Instructions to follow: All of the data is to be printed exactly, though the images must be left off.

Source data:
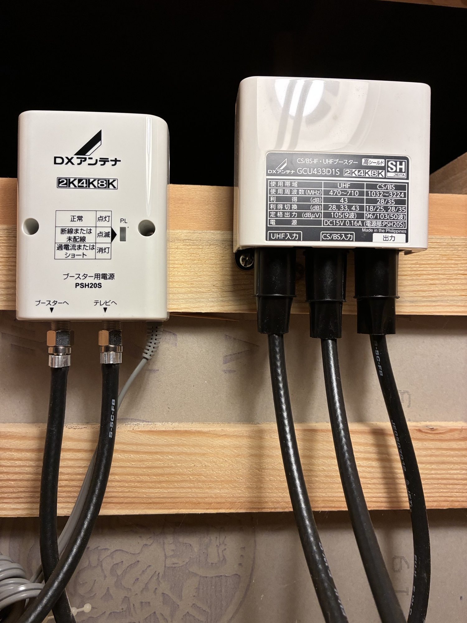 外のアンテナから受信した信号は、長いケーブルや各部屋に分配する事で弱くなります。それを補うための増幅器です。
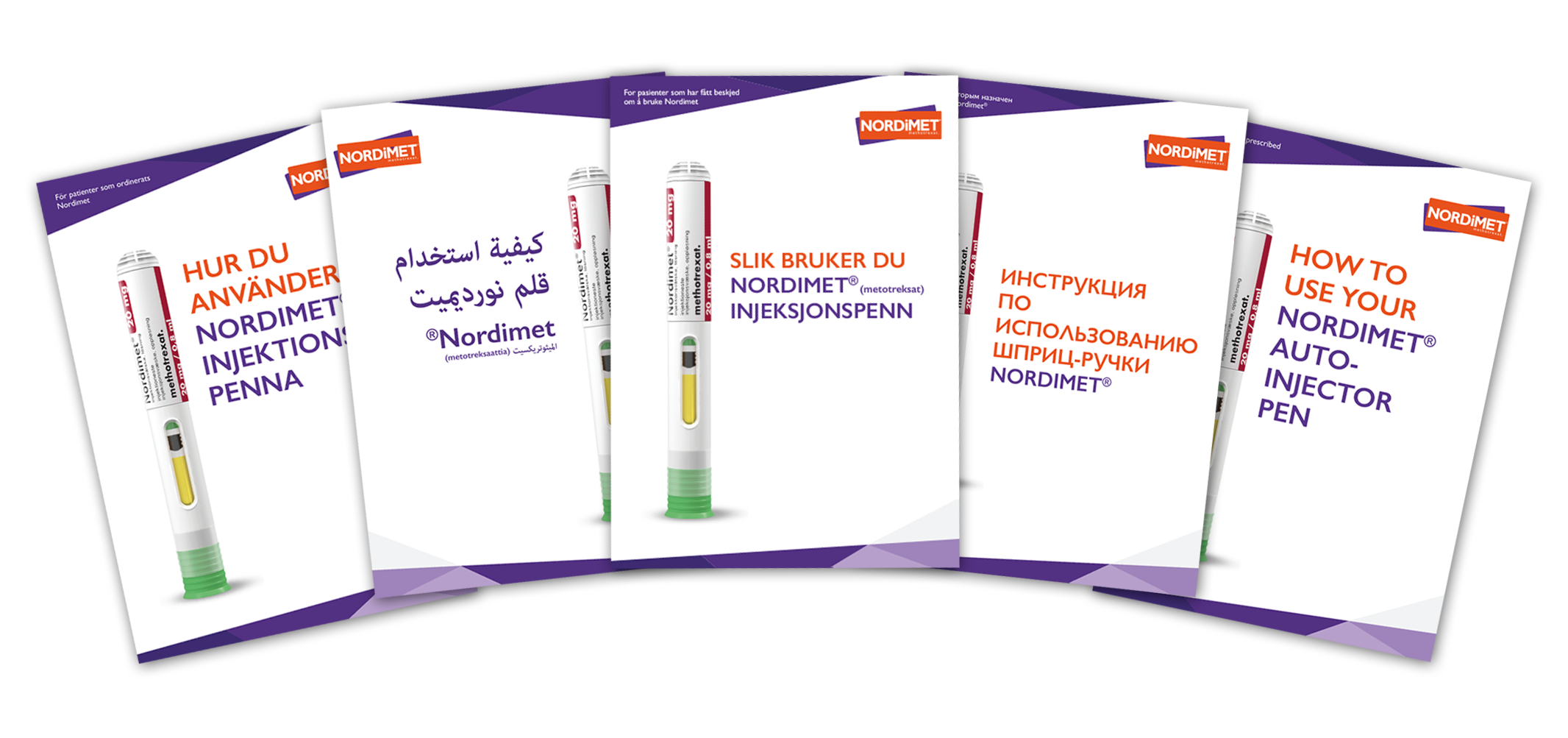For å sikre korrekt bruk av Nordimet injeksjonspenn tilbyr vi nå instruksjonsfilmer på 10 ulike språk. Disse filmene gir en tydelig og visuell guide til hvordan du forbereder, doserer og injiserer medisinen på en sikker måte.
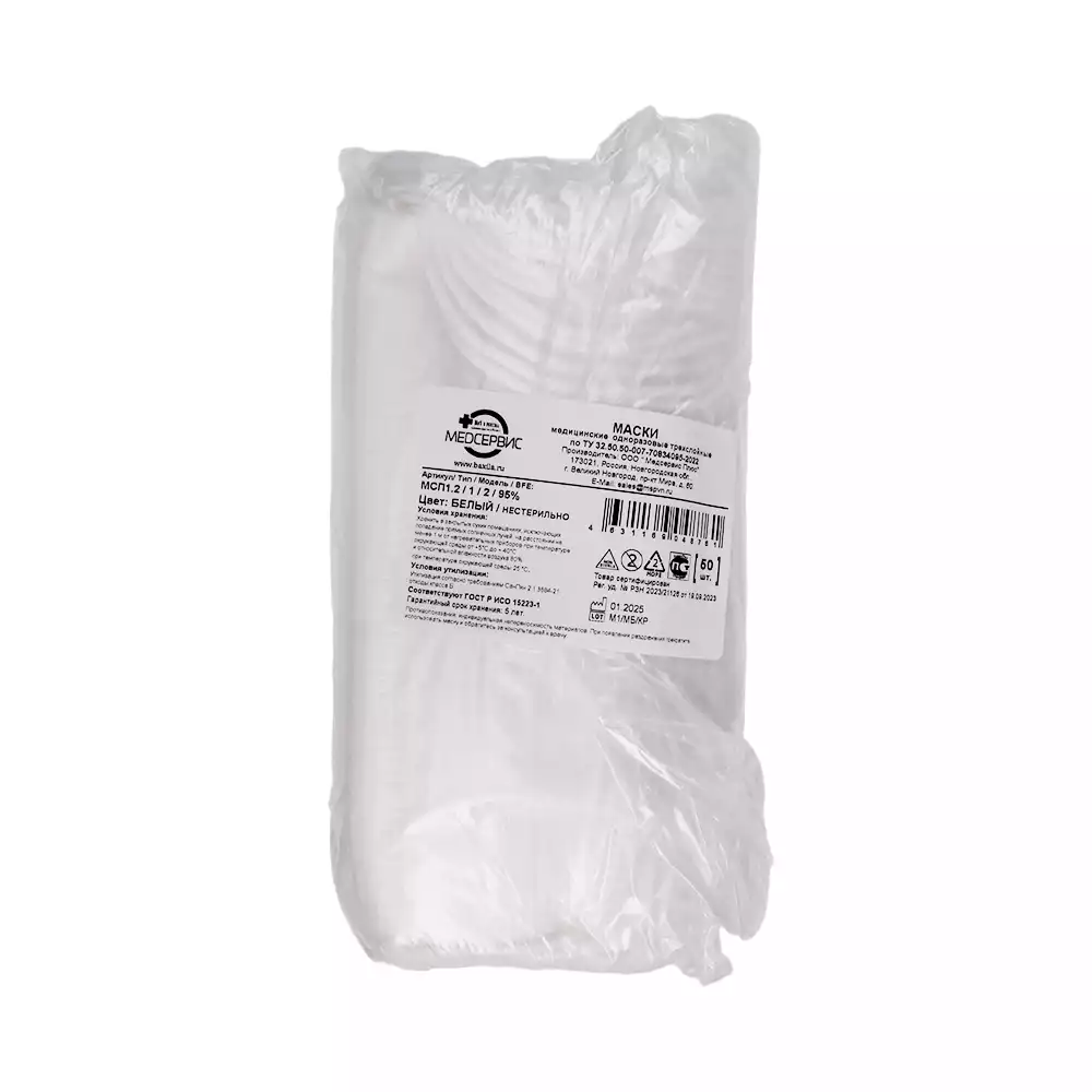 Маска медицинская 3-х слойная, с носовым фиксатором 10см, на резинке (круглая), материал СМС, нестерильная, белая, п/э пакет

Task result:
 外のアンテナから受信した信号は、長いケーブルや各部屋に分配する事で弱くなります。それを補うための増幅器です。
For å sikre korrekt bruk av Nordimet injeksjonspenn tilbyr vi nå instruksjonsfilmer på 10 ulike språk. Disse filmene gir en tydelig og visuell guide til hvordan du forbereder, doserer og injiserer medisinen på en sikker måte.
 Маска медицинская 3-х слойная, с носовым фиксатором 10см, на резинке (круглая), материал СМС, нестерильная, белая, п/э пакет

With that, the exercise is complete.